Description of the task =>
Nothing but the lines below between the line holding "礼包内容:打开可随机获得以下" and the line holding "池州市供水公司物業(yè)綠化服務項目中標結果公示 | |", inclusive, should appear in the answer, each set down exactly.

Data shown =>
== Segment start ==

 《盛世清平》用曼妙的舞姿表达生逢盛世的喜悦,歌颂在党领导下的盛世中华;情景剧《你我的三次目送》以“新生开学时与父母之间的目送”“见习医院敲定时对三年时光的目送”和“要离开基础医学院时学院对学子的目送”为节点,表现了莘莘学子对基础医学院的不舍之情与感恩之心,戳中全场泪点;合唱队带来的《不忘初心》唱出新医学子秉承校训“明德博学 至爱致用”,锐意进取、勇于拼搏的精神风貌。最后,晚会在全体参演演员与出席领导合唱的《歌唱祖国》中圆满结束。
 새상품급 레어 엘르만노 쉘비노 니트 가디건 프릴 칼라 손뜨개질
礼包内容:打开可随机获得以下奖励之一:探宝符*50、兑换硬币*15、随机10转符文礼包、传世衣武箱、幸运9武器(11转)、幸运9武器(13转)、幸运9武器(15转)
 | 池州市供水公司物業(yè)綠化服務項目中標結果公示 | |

== Segment end ==
== Segment start ==

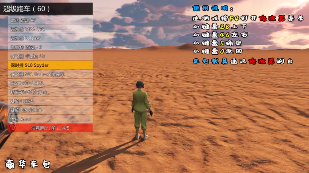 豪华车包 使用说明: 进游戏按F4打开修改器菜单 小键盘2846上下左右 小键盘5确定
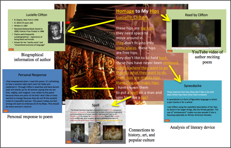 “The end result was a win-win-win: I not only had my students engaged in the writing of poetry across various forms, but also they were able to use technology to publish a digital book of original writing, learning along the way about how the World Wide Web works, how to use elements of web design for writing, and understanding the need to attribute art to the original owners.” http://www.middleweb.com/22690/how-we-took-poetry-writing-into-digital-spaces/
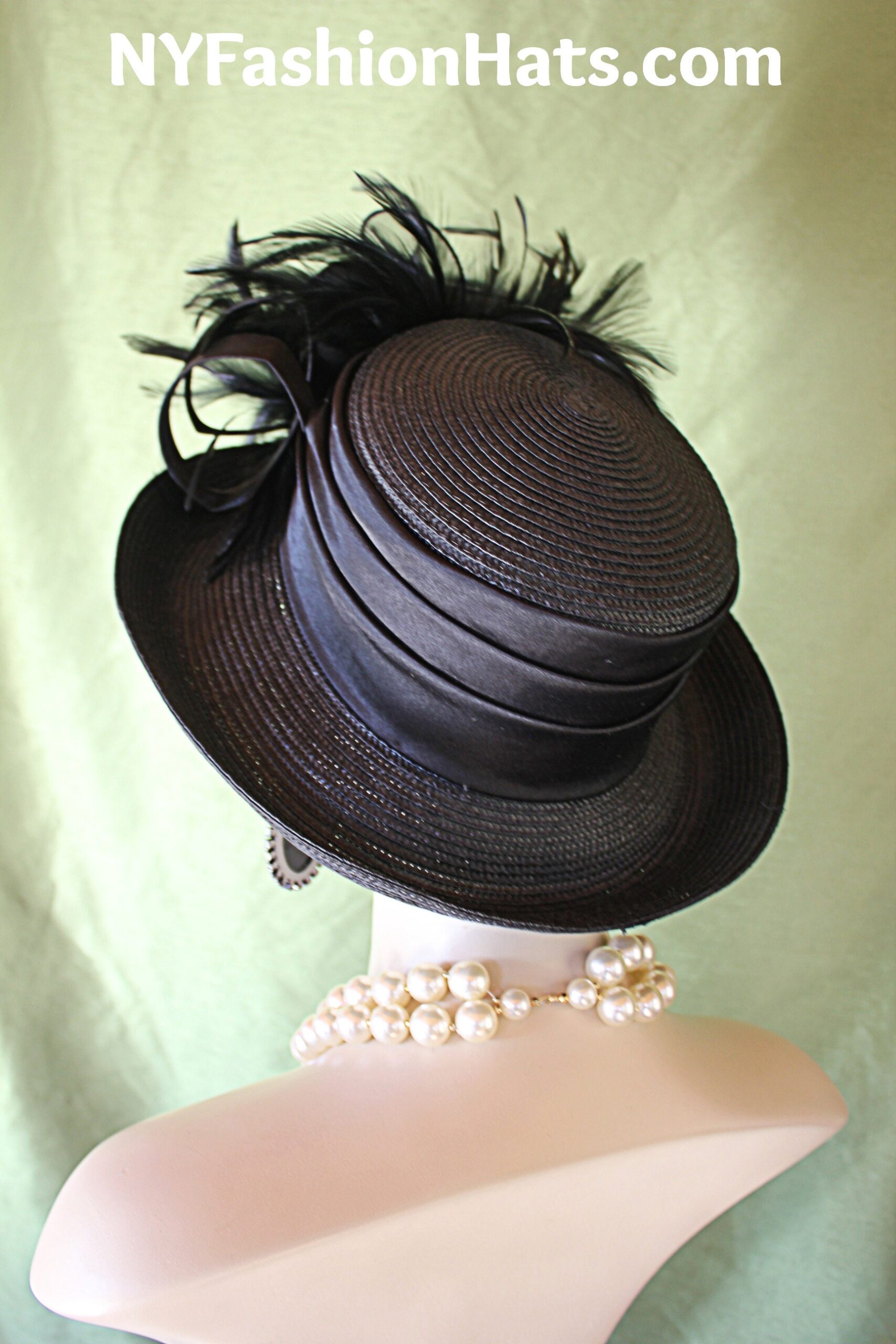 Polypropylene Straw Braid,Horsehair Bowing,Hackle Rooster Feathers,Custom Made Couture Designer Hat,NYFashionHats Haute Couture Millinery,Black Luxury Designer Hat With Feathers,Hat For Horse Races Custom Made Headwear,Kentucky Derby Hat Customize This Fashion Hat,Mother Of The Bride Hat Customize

== Segment end ==

Answer for this exercise =>
礼包内容:打开可随机获得以下奖励之一:探宝符*50、兑换硬币*15、随机10转符文礼包、传世衣武箱、幸运9武器(11转)、幸运9武器(13转)、幸运9武器(15转)
 | 池州市供水公司物業(yè)綠化服務項目中標結果公示 | |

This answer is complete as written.